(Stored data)
↓↓↓
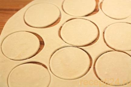 Тесто раскатывается на доске. Из него вырезаются небольшие кружки. Делать это можно при помощи небольшой рюмки.
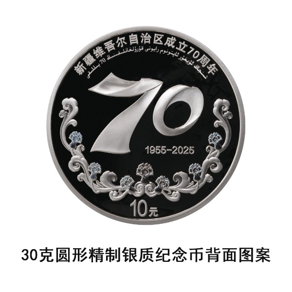 中國人民銀行定于2025年9月19日發(fā)行新疆維吾爾自治區(qū)成立70周年金銀紀念幣一套。該套金銀紀念幣共2枚,其中金質(zhì)紀念幣1枚,銀質(zhì)紀念幣1枚,均為中華人民共和國法定貨幣。
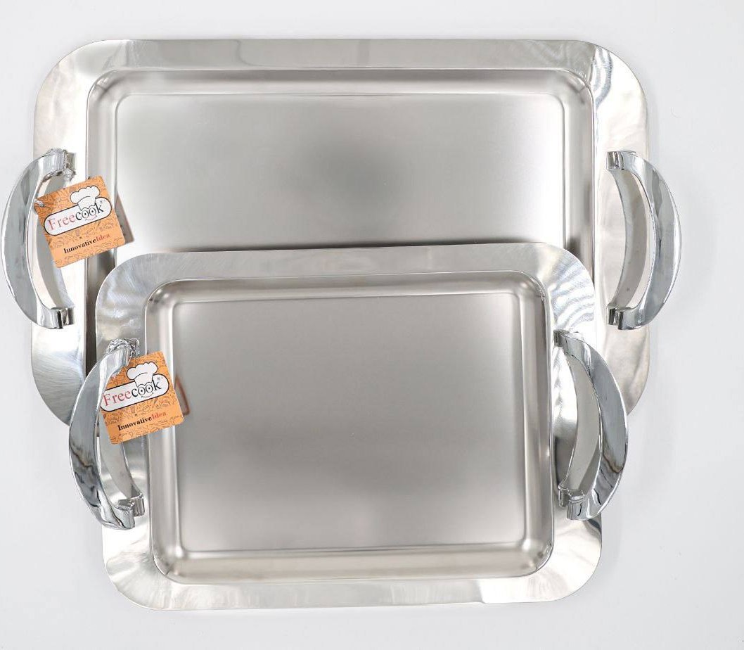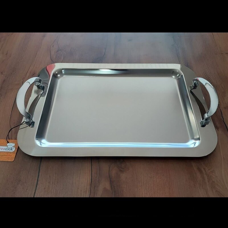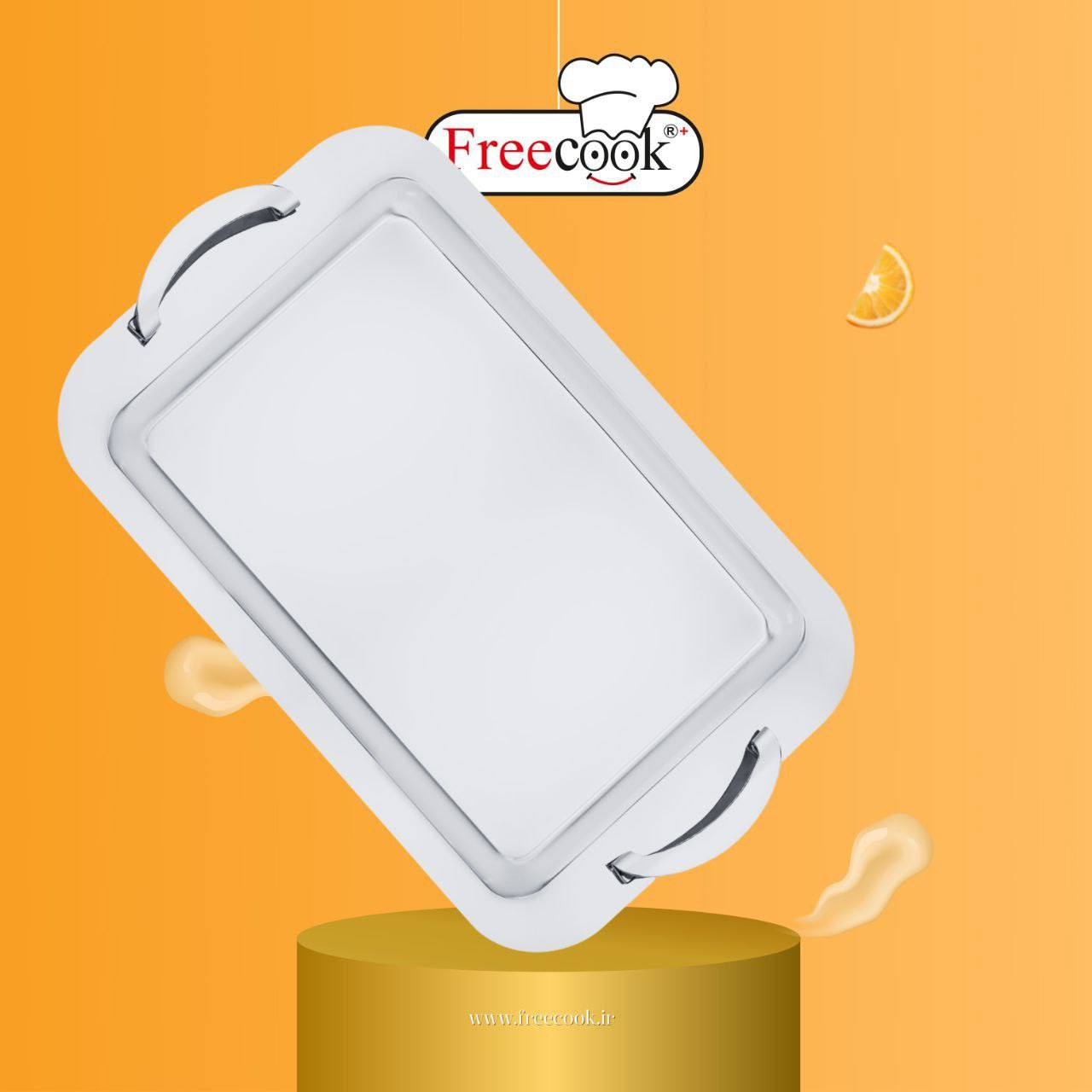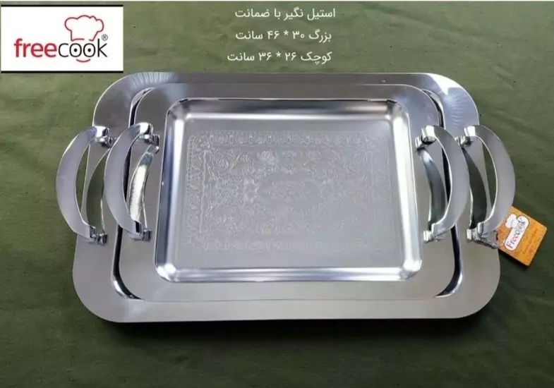 سینی مستطیل فری کوک دسته نقره ای سایز کوچک(دور ساده)
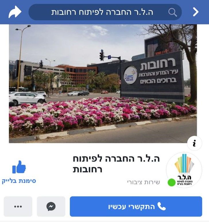 שומרים על הקשר לתושב! חברת ה.ל.ר-החברה לפיתוח רחובות ומינהלת אזורי התעסוקה רחובות השיקו עמודי פייסבוק חדשים לשמירת קשר עם התושבים ובעלי העסקים
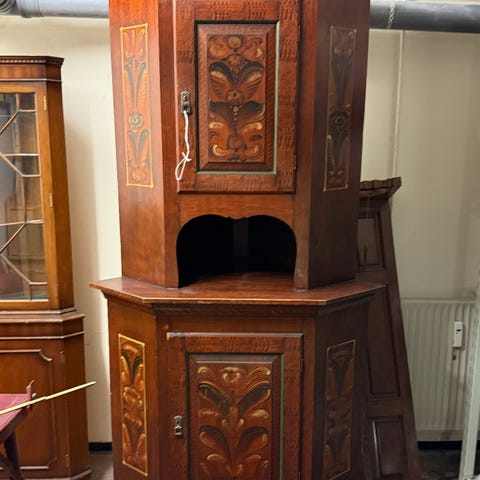 Højt antikt display hjørneskab
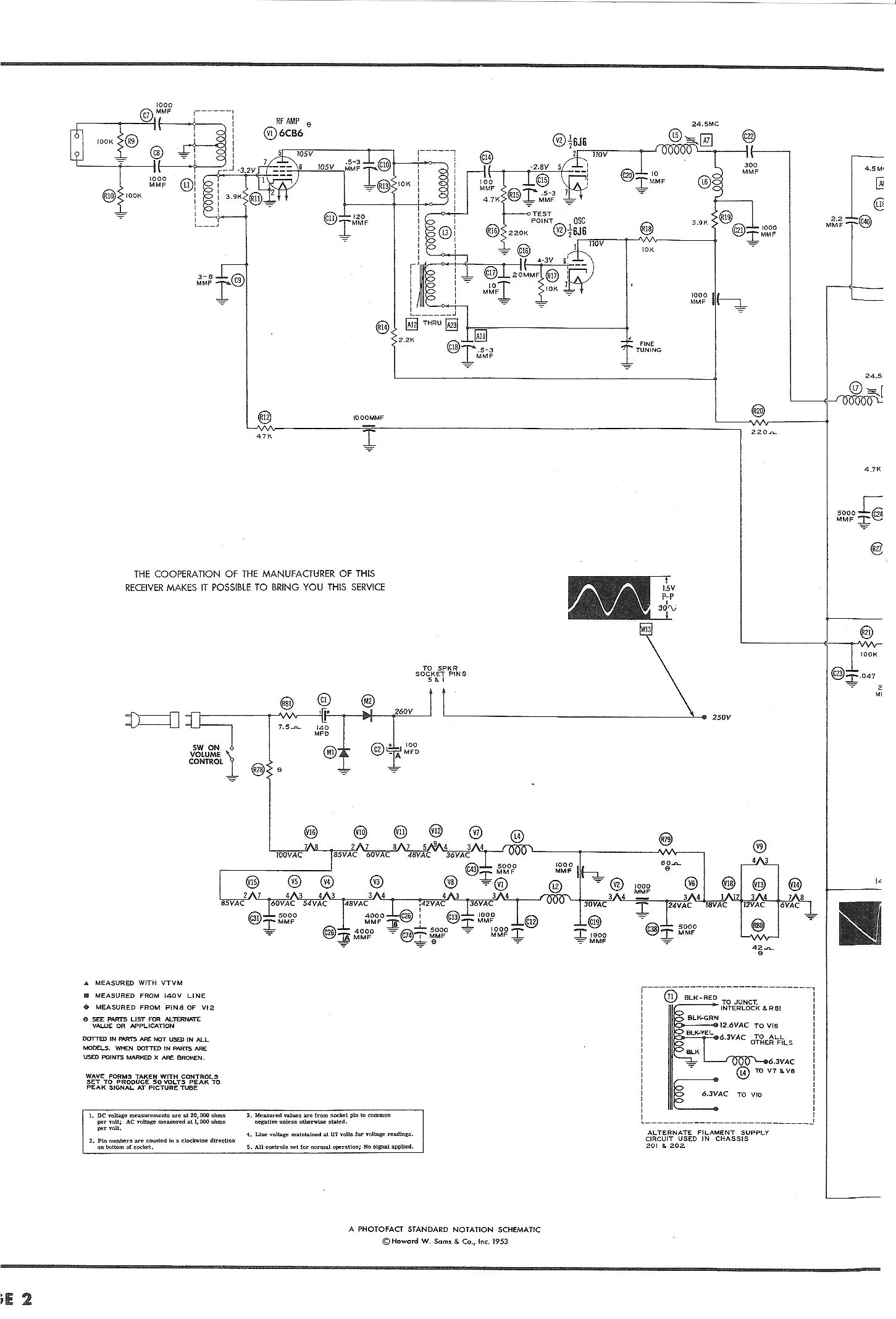source. In practice, C72 is wired between the two pins and pin 5 is connected to the 250-volt line.)
↑↑↑
- **YOUR INSTRUCTIONS**
Would you restate, exactly and with no pictures, the lines of the entries above from the one containing "سینی مستطیل فری" through the one containing "Højt antikt display hjørneskab"?

- **OUTPUT FOR THIS TASK**
 سینی مستطیل فری کوک دسته نقره ای سایز کوچک(دور ساده)
 שומרים על הקשר לתושב! חברת ה.ל.ר-החברה לפיתוח רחובות ומינהלת אזורי התעסוקה רחובות השיקו עמודי פייסבוק חדשים לשמירת קשר עם התושבים ובעלי העסקים
 Højt antikt display hjørneskab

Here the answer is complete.